(Work instruction): Leaving out all pictures, repeat exactly the lines from the one that holds "- Included in" to the last line of the entries below.

Stored dataset items
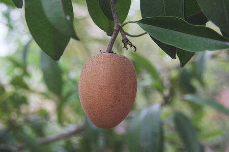 Manilkara zapota is the Latin name of the sapodilla manilla fruit, this brown fruit grows a lot in Southeast Asia, including in Indonesia. selective focus on leaves and fruit
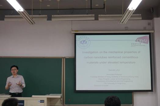 2019 年 8 月 19日,应yl23455永利谭力豪博士邀请,香港城市大学Denvid Lau 副教授于上午 11:00‒12:30 在公司路校区新主楼 D225 室做了题为“高温对碳纳米管增强水泥基材料力学性能的影响”(Effect ofelevated temperature on the mechanical properties of carbon nanotubesreinforced cementitious materials)的学术报告。
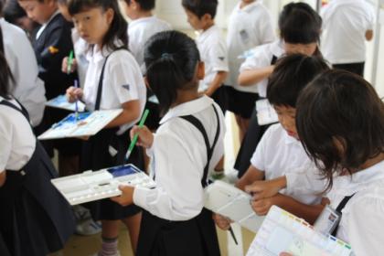 下:パレットと筆を洗います。順番待ち〜!
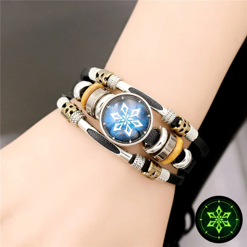 Браслет Genshin Impact, мужской светящийся кожаный браслет в стиле ...
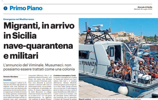 L’edizione odierna del “Giornale di Sicilia” parla dell’arrivo in Sicilia della nave-quarantena e dei militari per far fronte agli sbarchi. Le
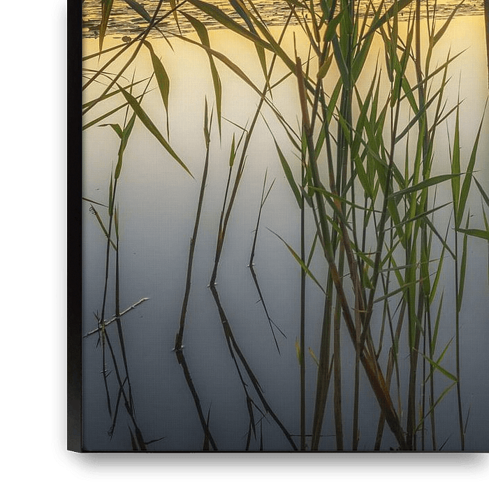 Bestelle dieses Landschafts-Wandbild Boote am Teich von Maikel Brands als Reproduktion auf Leinwand, Alu-Dibond, als Poster, Fototapete oder Acrylglasbild.
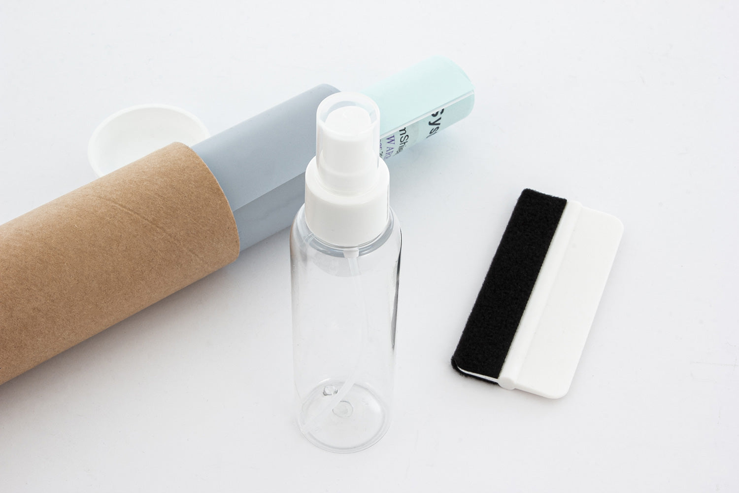 - Included in the set is a spray can, a squeegee and detailed assembly instructions.
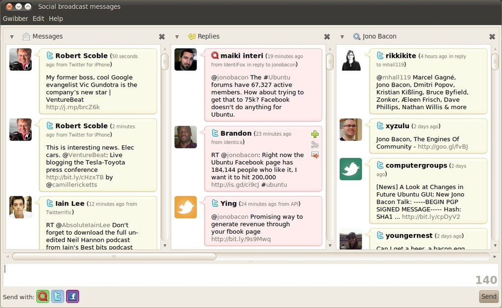Now, let's see your accounts in action. Click the messaging menu (the little envelope in the panel), and click Broadcast to load Gwibber. A window that looks similar to Figure 3 appears.

(Answer to this problem):
 - Included in the set is a spray can, a squeegee and detailed assembly instructions.
Now, let's see your accounts in action. Click the messaging menu (the little envelope in the panel), and click Broadcast to load Gwibber. A window that looks similar to Figure 3 appears.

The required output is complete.